Start of SOURCE MATERIAL
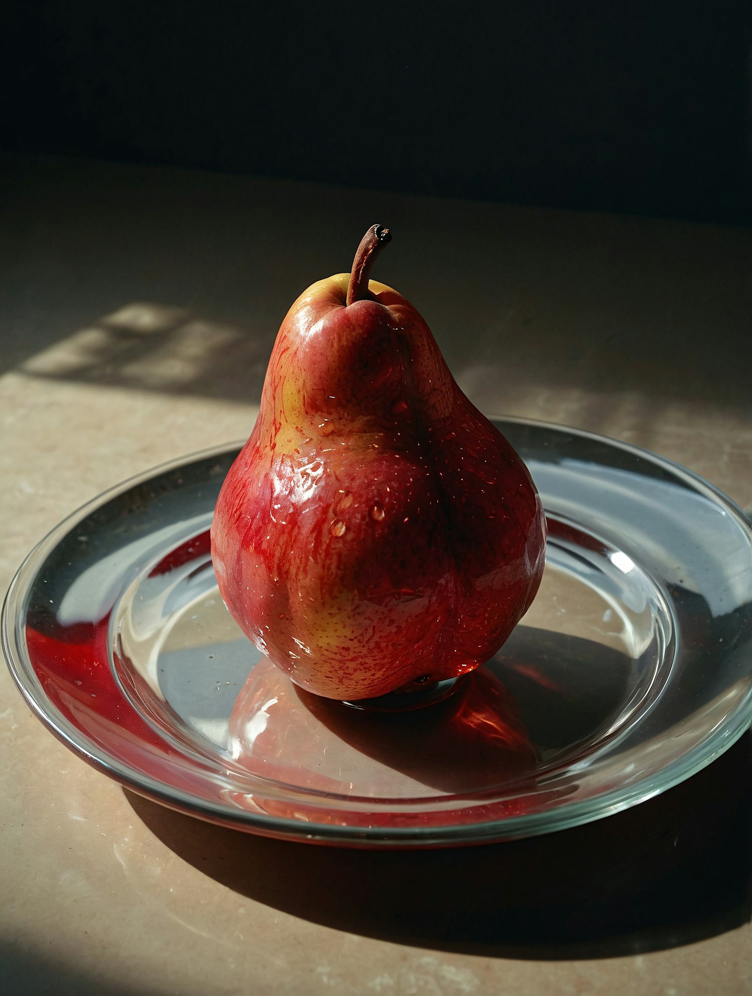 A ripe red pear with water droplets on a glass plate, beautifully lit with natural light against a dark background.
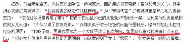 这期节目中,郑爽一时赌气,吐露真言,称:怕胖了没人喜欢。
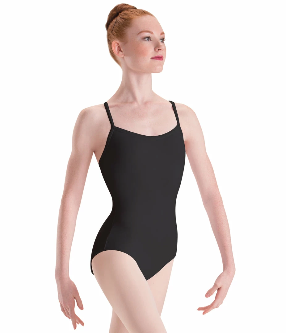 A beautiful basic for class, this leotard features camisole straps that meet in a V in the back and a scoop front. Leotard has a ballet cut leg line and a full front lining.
End of SOURCE MATERIAL
Start of SOURCE MATERIAL
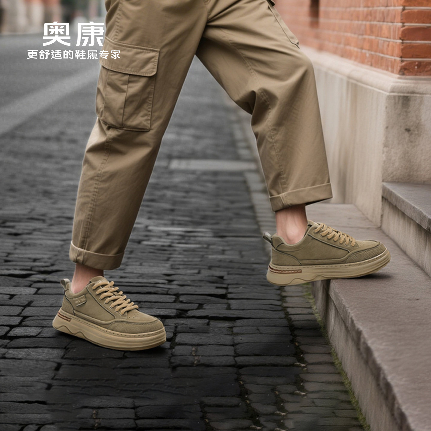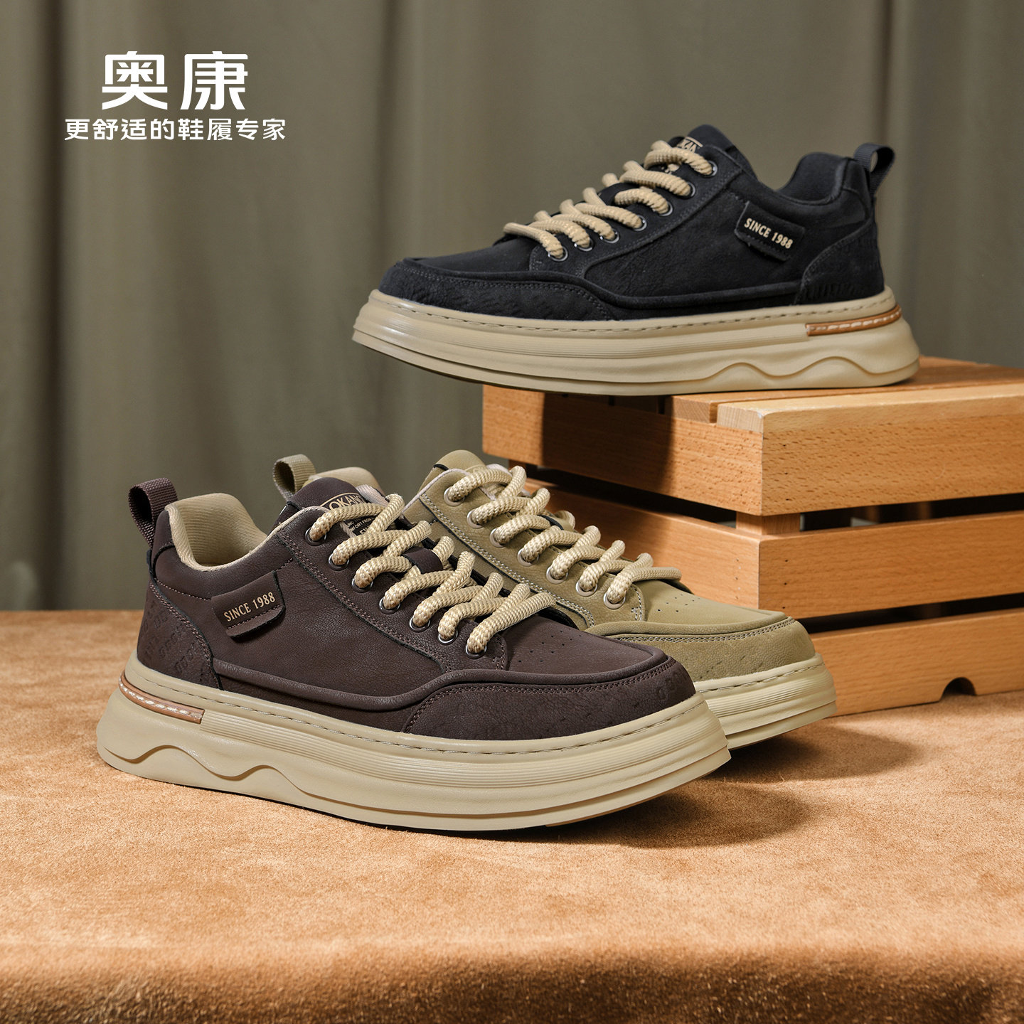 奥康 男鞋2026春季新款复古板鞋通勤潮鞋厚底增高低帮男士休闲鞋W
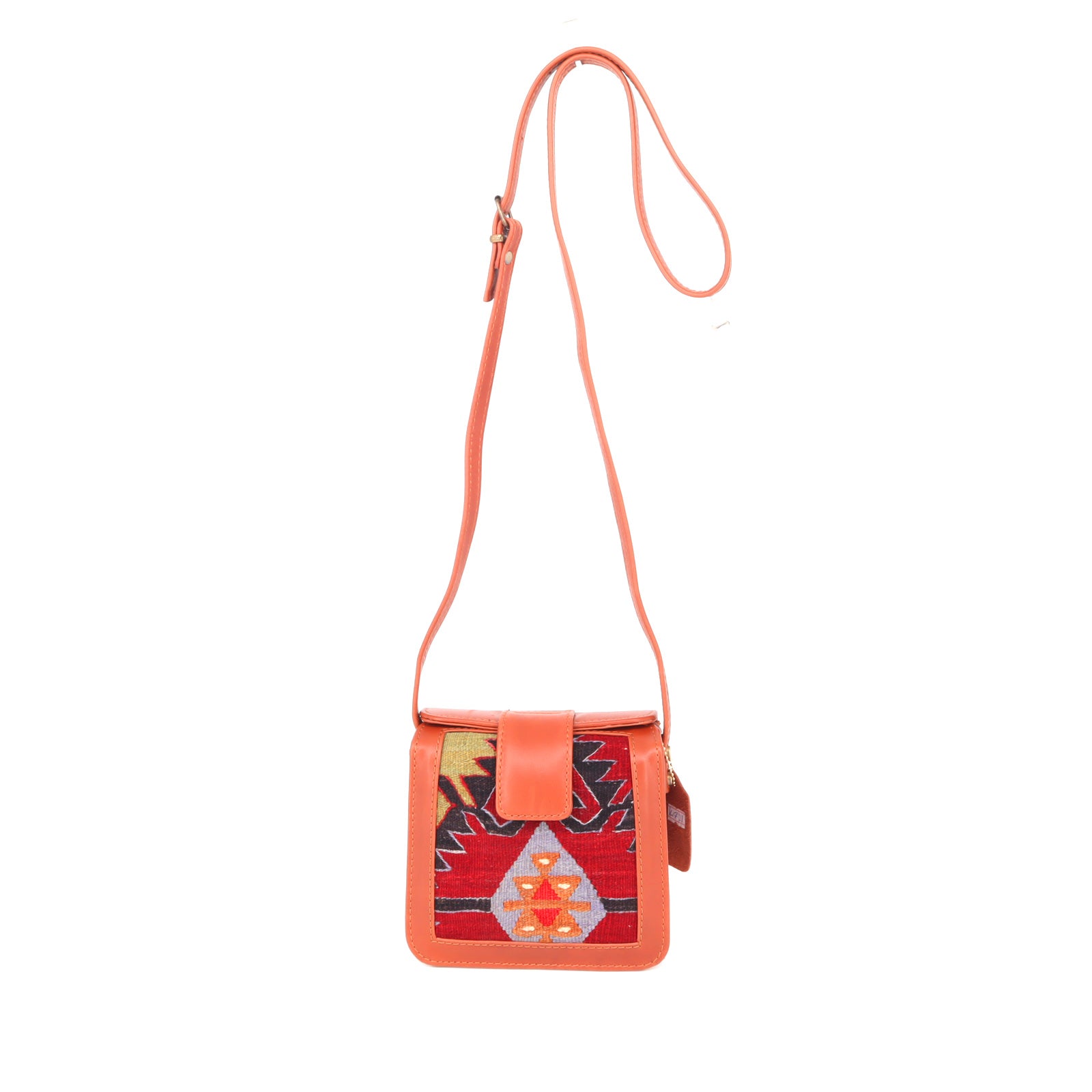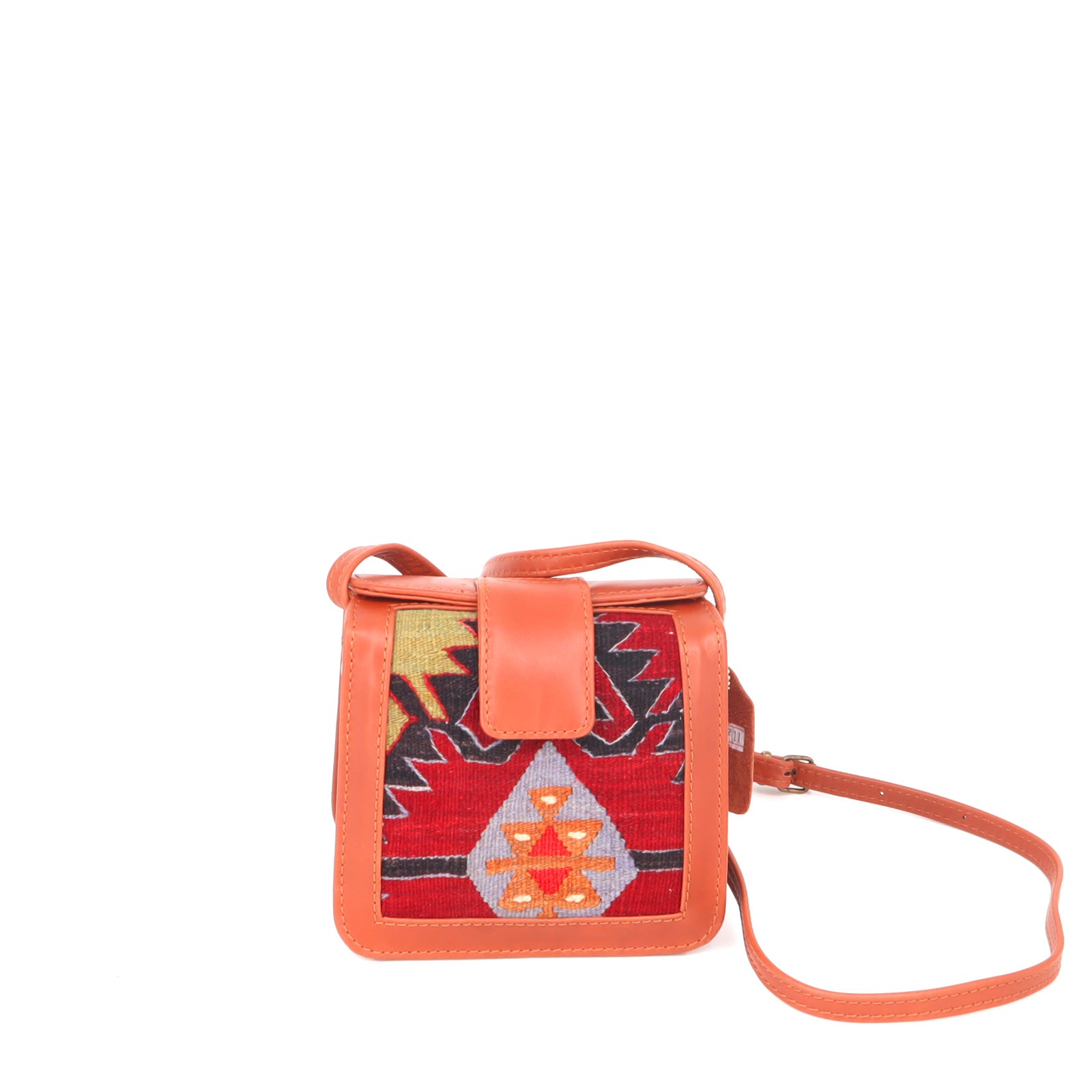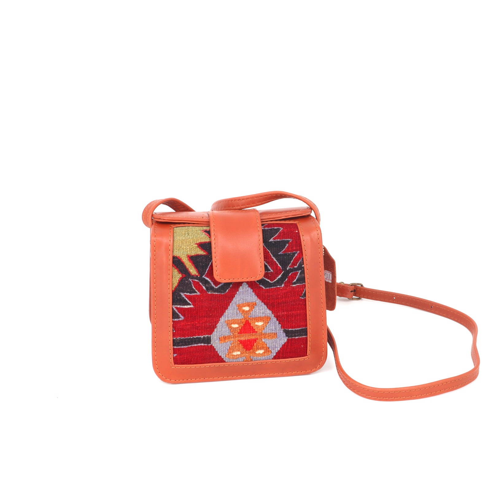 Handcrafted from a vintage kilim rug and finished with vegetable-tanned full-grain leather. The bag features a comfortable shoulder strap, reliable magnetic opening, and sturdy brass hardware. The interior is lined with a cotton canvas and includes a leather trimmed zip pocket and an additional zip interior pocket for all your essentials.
End of SOURCE MATERIAL
Start of SOURCE MATERIAL
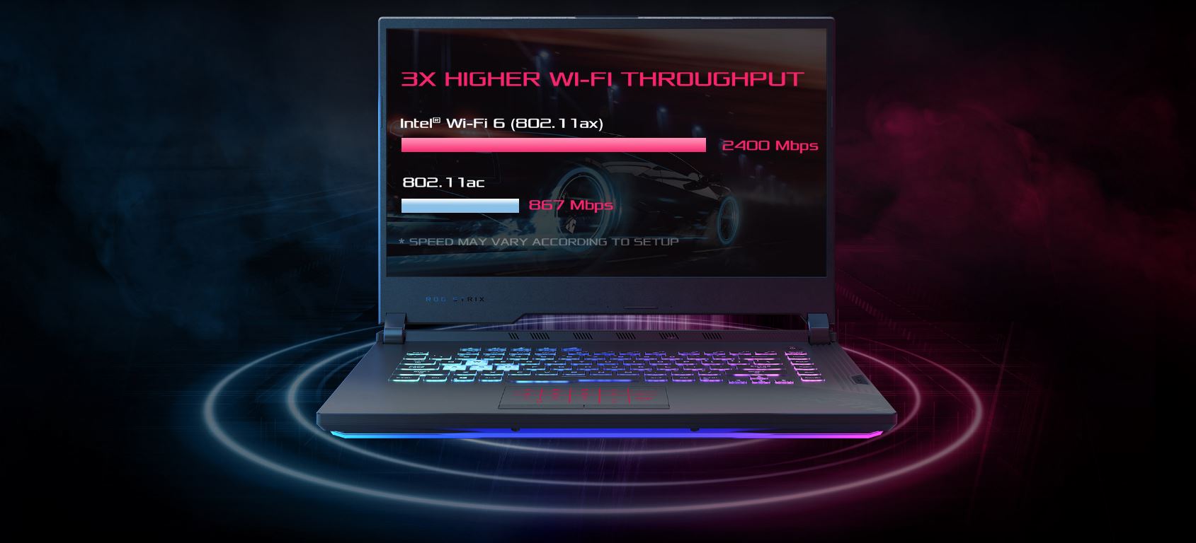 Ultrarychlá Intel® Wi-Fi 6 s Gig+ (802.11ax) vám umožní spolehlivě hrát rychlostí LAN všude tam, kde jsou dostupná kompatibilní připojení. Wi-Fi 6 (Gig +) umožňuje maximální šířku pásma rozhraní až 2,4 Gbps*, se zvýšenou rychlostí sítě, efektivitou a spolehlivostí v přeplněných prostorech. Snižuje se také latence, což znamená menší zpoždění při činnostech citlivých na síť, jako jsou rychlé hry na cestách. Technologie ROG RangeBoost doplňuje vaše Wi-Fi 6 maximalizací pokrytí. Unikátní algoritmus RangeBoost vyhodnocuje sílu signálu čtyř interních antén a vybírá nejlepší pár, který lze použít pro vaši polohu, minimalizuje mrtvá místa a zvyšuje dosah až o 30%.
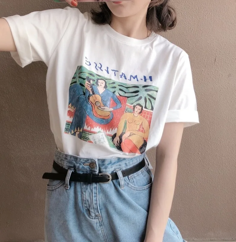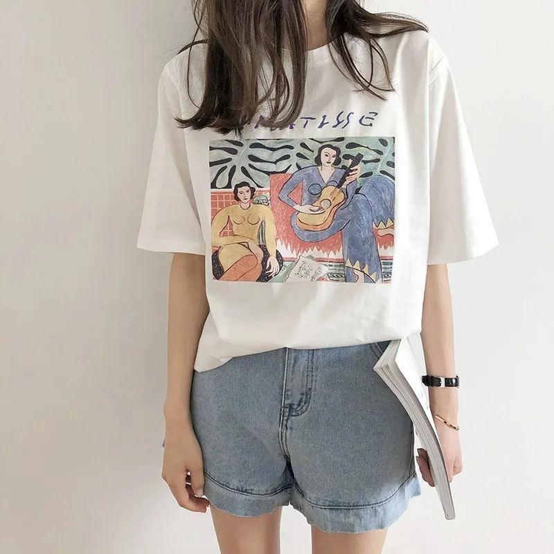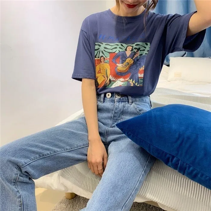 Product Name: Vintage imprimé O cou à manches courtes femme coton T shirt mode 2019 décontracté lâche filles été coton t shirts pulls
End of SOURCE MATERIAL
TASK DIRECTIONS ::
Restate word for word every line from the one with "奥康 男鞋2026春季新款复古板鞋通勤潮鞋厚底增高低帮男士休闲鞋W" up to and including the one with "Handcrafted from a" in the records above, minus the pictures.

SOLUTION FOR THIS PROBLEM ::
 奥康 男鞋2026春季新款复古板鞋通勤潮鞋厚底增高低帮男士休闲鞋W
 Handcrafted from a vintage kilim rug and finished with vegetable-tanned full-grain leather. The bag features a comfortable shoulder strap, reliable magnetic opening, and sturdy brass hardware. The interior is lined with a cotton canvas and includes a leather trimmed zip pocket and an additional zip interior pocket for all your essentials.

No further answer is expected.